From the line with "Vestido de Hada" through the line with "Dodatkowo zabawa kółkami", repeat the entries verbatim, both end lines included, and add nothing.

# DATA FOR THIS EXERCISE:
+ + +

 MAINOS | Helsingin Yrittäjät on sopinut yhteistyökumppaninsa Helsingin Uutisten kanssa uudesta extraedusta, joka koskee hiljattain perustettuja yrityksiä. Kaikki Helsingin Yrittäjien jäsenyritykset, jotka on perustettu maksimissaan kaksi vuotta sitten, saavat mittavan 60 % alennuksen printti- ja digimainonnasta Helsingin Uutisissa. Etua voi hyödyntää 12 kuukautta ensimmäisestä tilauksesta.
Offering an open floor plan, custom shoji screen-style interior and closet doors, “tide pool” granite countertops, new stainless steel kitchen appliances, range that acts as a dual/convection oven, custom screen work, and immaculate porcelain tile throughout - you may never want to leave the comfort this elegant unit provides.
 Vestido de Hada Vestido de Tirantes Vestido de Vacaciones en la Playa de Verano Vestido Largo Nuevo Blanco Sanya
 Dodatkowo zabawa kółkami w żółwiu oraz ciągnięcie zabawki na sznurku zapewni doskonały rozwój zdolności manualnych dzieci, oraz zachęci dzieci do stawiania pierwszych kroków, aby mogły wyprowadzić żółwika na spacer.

+ + +

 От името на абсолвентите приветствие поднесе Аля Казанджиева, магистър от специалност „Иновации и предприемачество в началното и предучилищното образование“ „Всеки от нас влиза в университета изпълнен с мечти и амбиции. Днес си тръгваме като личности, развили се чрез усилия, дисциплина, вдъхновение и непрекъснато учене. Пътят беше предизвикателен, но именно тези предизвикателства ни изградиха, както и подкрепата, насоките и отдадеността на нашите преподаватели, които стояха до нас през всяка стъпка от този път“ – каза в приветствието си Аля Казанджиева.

+ + +

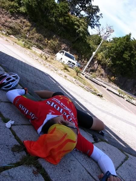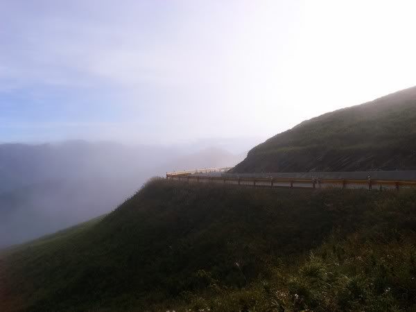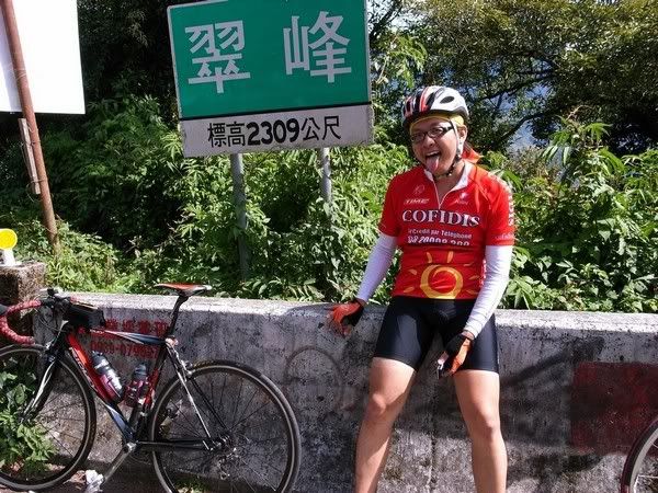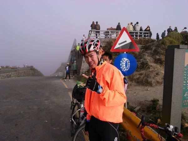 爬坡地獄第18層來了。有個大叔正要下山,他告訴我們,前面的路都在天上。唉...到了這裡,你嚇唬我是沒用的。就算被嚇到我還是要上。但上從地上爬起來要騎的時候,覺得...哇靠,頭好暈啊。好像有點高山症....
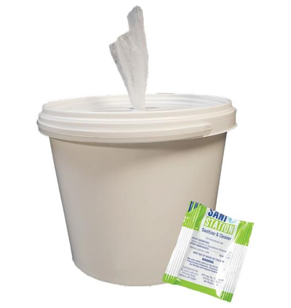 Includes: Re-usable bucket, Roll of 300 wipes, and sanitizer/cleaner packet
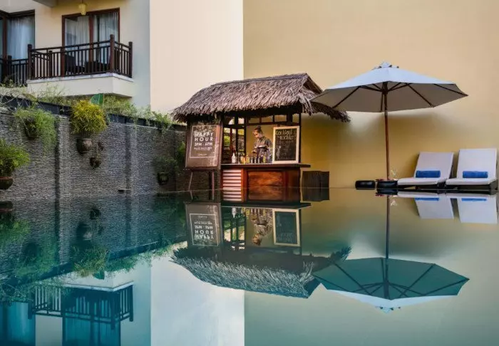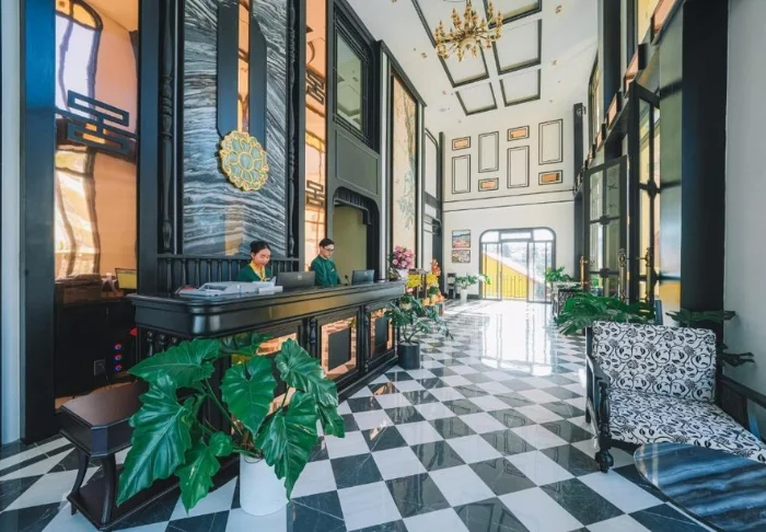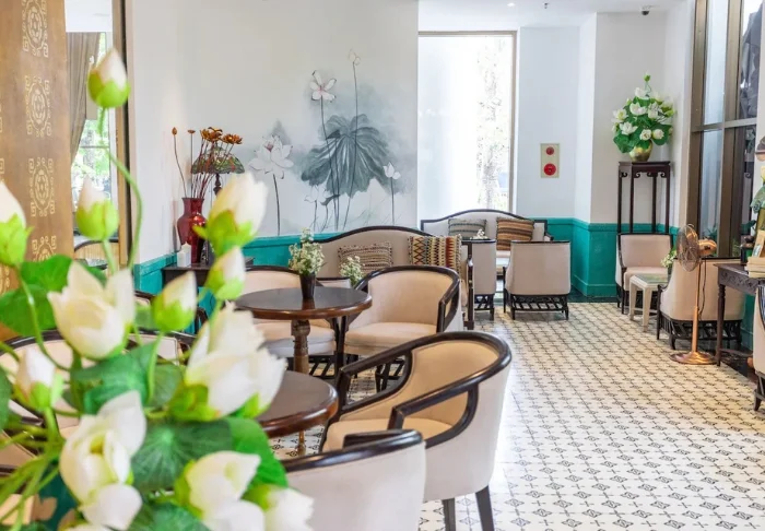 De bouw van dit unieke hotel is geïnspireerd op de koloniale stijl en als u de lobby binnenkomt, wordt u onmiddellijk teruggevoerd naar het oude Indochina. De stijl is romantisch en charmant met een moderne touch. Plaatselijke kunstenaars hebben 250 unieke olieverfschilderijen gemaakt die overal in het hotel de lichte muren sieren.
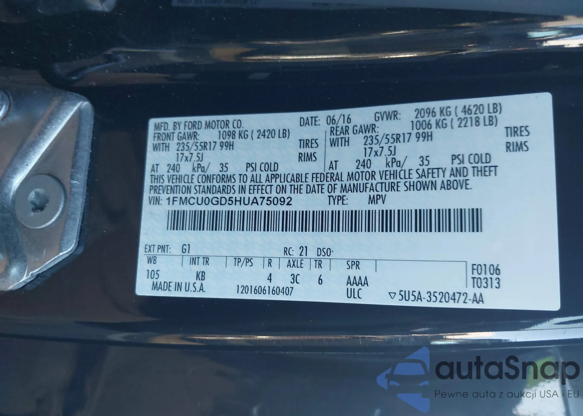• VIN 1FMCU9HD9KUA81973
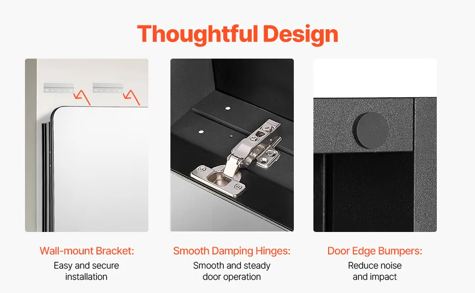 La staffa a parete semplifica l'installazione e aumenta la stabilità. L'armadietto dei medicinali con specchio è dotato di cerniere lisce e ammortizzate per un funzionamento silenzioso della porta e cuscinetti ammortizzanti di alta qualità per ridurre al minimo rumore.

+ + +

# EXERCISE SOLUTION:
 Vestido de Hada Vestido de Tirantes Vestido de Vacaciones en la Playa de Verano Vestido Largo Nuevo Blanco Sanya
 Dodatkowo zabawa kółkami w żółwiu oraz ciągnięcie zabawki na sznurku zapewni doskonały rozwój zdolności manualnych dzieci, oraz zachęci dzieci do stawiania pierwszych kroków, aby mogły wyprowadzić żółwika na spacer.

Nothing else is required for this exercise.